How Trust Litigation Works in Texas

A trust is a legal entity into which a person transfers his assets.  It is a way for him to avoid probate and reduce estate taxes upon his death. Trusts have beneficiaries, people or entities that benefit from the trust, and they have a trustee, a person or entity that administers and manages the trust.  Most trusts run fairly smoothly, but sometimes problems arise and result in trust litigation.

Under Texas law, a trustee, also known as a fiduciary, has specific duties.  These duties include being loyal to the beneficiaries, not delegating responsibilities, keeping accurate accounts, furnishing information to beneficiaries upon request, exercising reasonable skill and care, prudently managing trust assets, defending the trust against third-party claims, keeping trust funds separate from other money accounts and more. If a beneficiary feels that the trustee has failed in any of these duties, whether due to incompetence, fraud or other reasons, then he can take the trustee to court to recover damages.

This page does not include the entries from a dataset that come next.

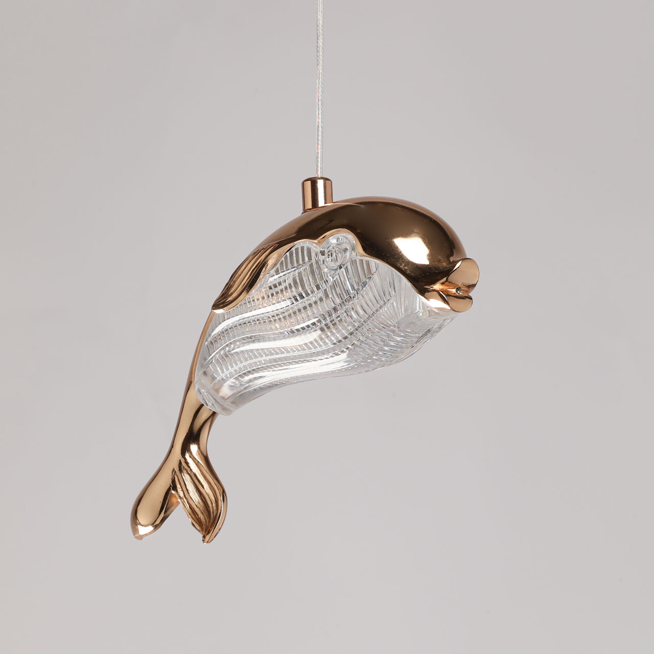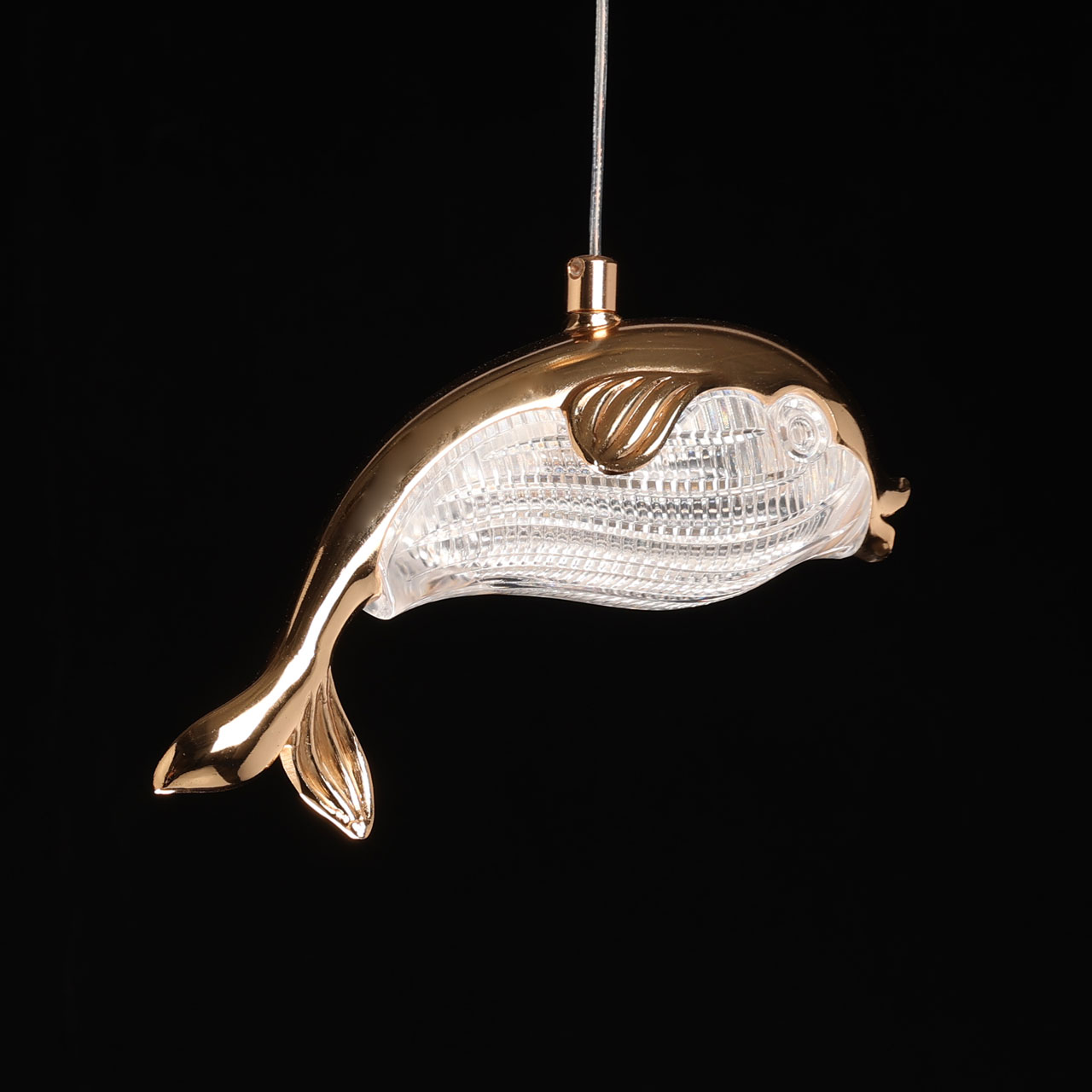 Металлическая потолочная чаша подвеса гальванизирована в цвет французского золота. Корпус плафона в виде дельфина выполнен из сплава алюминия с цинком по технологии художественного литья и гальванизирован в цвет основания. Светодиодный источник света закрыт прозрачным фактурным акрилом.
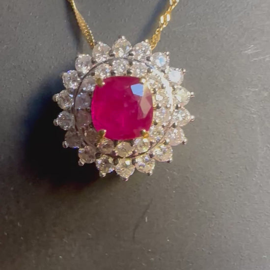 Two Halo Brilliance: Natural Diamonds & Natural Unheated Burmese Ruby (1CT) Pendant with Solid Gold Chain
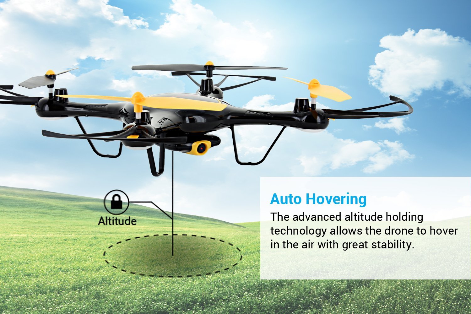 La avanzada tecnología de retención de altitud permite al avión no tripulado volar en el aire con gran estabilidad.
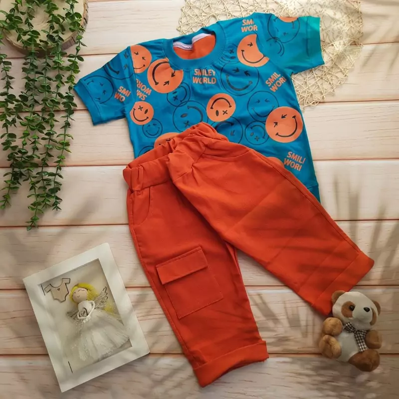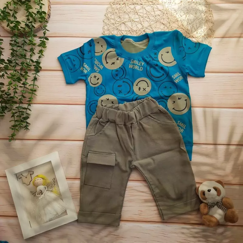 تیشرت شلوارک پسرانه نخ پنبه طرح استیکر
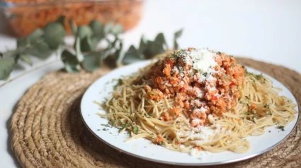 María Marín, escritora, periodista y madre de familia numerosa, nos explica cómo preparar una rica salsa boloñesa con soja texturizada
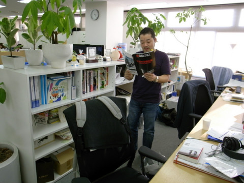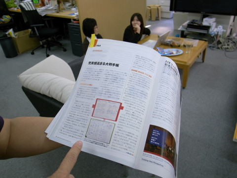 ミスタービジネスマン! ハロー! 弊社でビジネス雑誌を読んでいる人を見かけるのはちょっとめずらしいのでついおかしな話しかけをしてしまいました。 べっかむさんがただいま読んでいるのは発売されたばかりの 『日経ビジネス』。 なんとこの中の 「売れ筋探偵団」というコーナーでほぼ日手帳が取り上げられているのです。 ふむふむ。 従来、ビジネスマンの手帳と言えば、スーツの上着に入るサイズが主流だったのですが、最近はもっと大きなモノが売れてきているですって。 ほぼ日手帳のことがしっかりと掲載されているので会社やご自宅で購読されている方はぜひチェックしてくださいね。 それでは、みなさま、ハバナイスデー! 2009/10/13 20:47 |
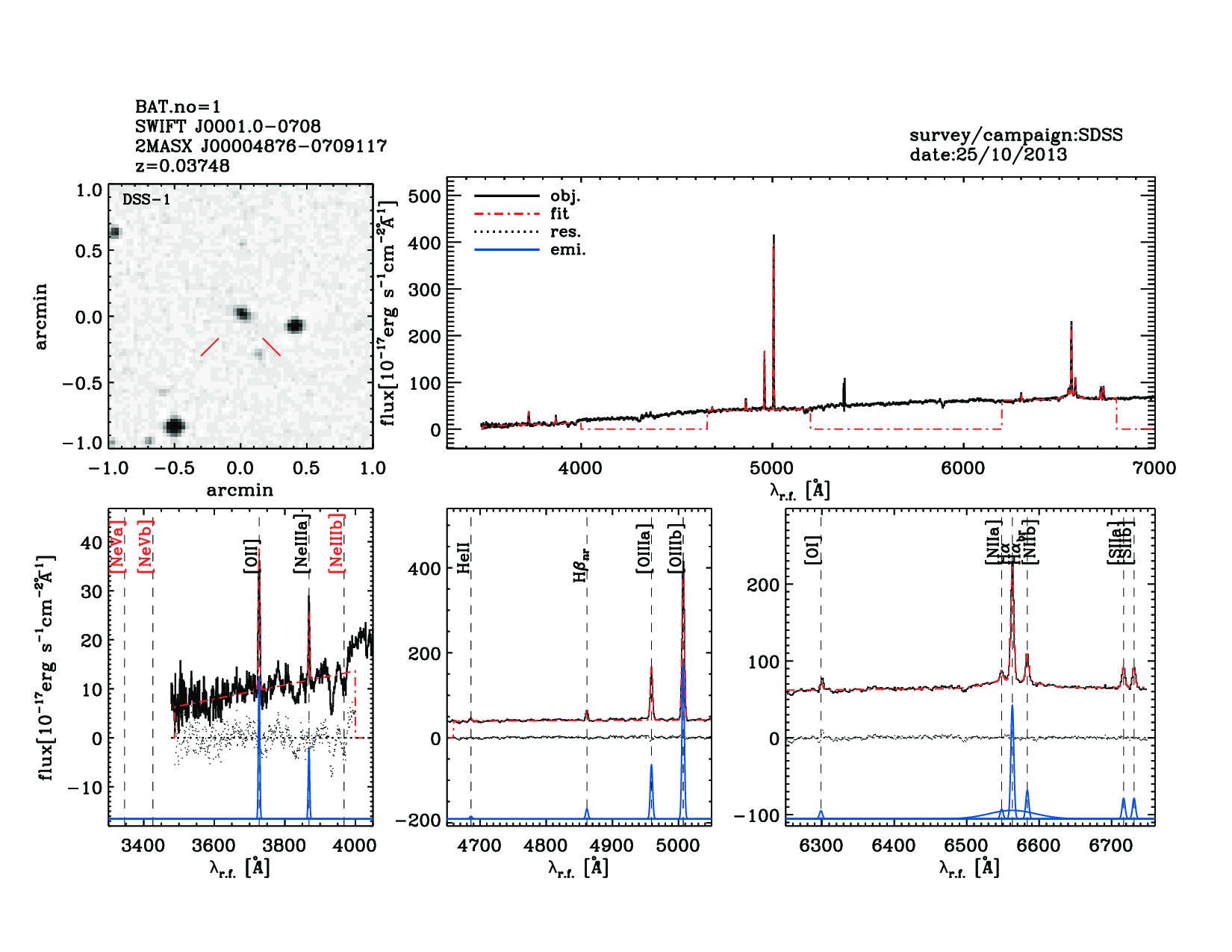 | 1 | SWIFT J0001.0-0708 | 2MASX J00004876-0709117 | 0.2032 | -7.1532 | 0.03748 | 7.30 | 13.00 | 8.40 | 12.30 | 22.19[22.11-22.26] | 1.64(0.60,0.18) | optical | NED |

Texas’ statute of limitations – the time frame in which the aggrieved party may file suit – is four years from the date that the aggrieved party claims that the trustee mismanaged the trust.  In some cases, the court can stop the statute of limitations from running to extend the time to file.

If a judge determines that the trustee has breached his fiduciary duty and harmed the beneficiaries, then the trustee is responsible for the difference between the benefits that the beneficiaries received from the trust and the benefits that they would have received if no breach had occurred.  The idea is to make the beneficiaries whole again.